Turkey to hire 110,000 new public servants in 2018, says PM
ANKARA/KİLİS
Turkish Prime Minister Binali Yıldırım said on Dec. 24 that Turkey would employ an additional 110,000 public servants in 2018 including teachers, medical and religious personnel.
Speaking in the southern border town of Kilis, Yıldırım said that among the total, the government would hire an extra 36,000 medical personnel and 20,000 teachers.
The planned number was 74,000, the Finance Minister had said back in September.
“We will hire 74,000 public servants in 2018,” Finance Minister Naci Ağbal had said at a meeting to announce the government’s medium-term economic program.
Yıldırım, however, said on Dec. 24 that the government would hire an additional 36,000 medical personnel, 20,000 teachers and 10,900 to the Higher Education Credit and Dormitories Institution, while 15,000 to the Justice Ministry’s prison guarding section and 9,500 to the Directorate of Religious Affairs (Diyanet).

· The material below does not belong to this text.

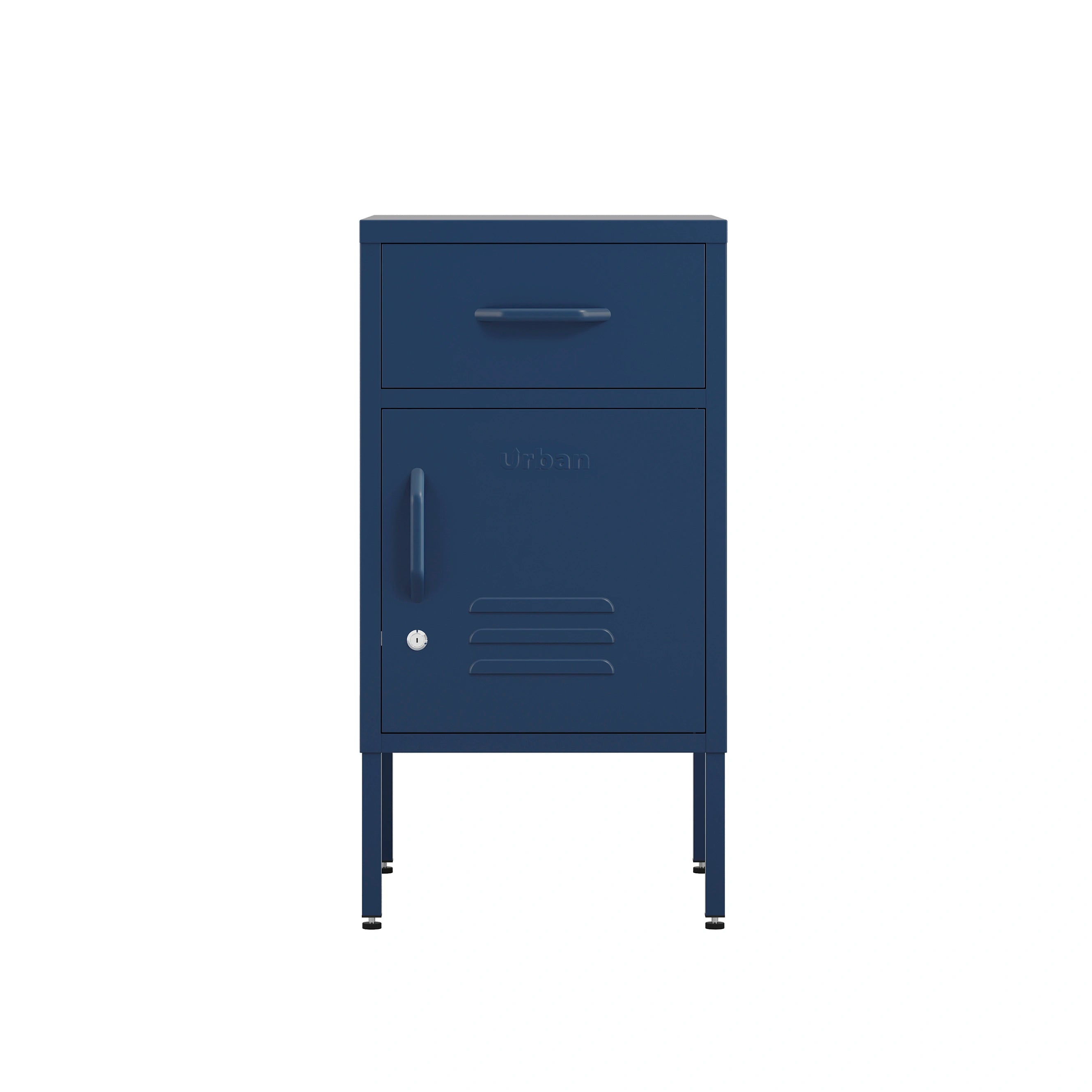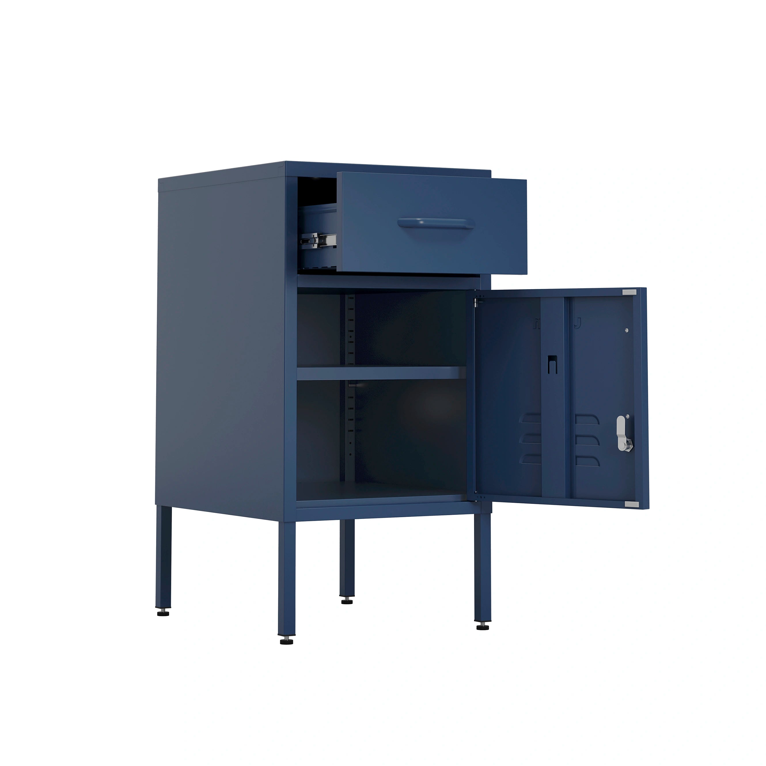 - Metal sidebord med enkeltdør, pulverlakeret i marineblå

He also noted that 2,000 professionals would be employed by the Family and Social Policies Ministry and 4,000 academics and 7,000 medical staff by universities.
“In accordance with the needs of other administrative units, we will also hire an additional 6,000 personnel. Thus, we will hire 110,000 public servants in 2018,” Yıldırım said.

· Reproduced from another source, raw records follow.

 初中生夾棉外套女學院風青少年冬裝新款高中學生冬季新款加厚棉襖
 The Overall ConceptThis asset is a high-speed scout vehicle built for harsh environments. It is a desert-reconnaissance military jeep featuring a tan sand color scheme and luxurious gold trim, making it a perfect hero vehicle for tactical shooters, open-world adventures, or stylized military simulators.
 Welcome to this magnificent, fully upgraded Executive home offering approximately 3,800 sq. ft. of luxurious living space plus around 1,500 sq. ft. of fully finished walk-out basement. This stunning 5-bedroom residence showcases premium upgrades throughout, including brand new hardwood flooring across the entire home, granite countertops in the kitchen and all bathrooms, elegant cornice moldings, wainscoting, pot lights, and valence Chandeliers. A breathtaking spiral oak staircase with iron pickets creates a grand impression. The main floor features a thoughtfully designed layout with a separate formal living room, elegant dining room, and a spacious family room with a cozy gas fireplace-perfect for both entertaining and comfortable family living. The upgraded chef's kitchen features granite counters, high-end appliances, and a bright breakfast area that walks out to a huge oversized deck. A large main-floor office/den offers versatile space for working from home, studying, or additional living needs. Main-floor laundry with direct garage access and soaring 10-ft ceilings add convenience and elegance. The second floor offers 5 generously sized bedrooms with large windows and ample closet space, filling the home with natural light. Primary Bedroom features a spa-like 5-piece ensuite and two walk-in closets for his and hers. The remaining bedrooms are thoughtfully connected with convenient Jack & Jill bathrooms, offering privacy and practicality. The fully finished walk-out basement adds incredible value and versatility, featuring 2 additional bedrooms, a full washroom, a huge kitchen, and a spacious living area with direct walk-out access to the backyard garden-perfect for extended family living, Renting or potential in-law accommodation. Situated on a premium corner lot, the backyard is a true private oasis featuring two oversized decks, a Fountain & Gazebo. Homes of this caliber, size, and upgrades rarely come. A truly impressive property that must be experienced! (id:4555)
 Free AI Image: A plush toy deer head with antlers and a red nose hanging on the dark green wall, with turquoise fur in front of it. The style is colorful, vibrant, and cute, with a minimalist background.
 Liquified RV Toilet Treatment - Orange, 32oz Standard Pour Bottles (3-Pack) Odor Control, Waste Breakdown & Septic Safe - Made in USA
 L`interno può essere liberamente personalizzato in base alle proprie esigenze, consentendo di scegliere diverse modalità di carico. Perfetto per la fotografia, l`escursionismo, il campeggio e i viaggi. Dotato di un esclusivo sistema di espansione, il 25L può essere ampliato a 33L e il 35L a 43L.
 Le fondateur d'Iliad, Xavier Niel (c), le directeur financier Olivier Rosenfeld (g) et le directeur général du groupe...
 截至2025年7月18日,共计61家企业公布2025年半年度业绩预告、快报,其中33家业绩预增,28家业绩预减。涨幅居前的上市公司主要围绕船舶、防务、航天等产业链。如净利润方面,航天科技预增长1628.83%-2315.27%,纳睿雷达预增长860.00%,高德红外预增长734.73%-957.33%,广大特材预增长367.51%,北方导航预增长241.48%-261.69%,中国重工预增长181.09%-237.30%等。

According to a new decree released on Dec. 24, thousands of subcontracted workers will be able to apply as permanent workers for the position they are currently employed in if they have been working as of Dec. 4.
They will then take written and/or oral exams to determine their qualifications. Successful candidates will sign a permanent labor contract within the next 90 days.
Some 450,000 Turkish subcontracted workers in the public sector will be offered permanent staff positions as part of the new plan, Labor Minister Jülide Sarıeroğlu announced on Dec. 24.
She added that intermediaries would be abolished for some 400,000 subcontracted workers at municipalities.
It was unclear whether the number of planned public servants announced by Yıldırım would cover some of these subcontracted workers.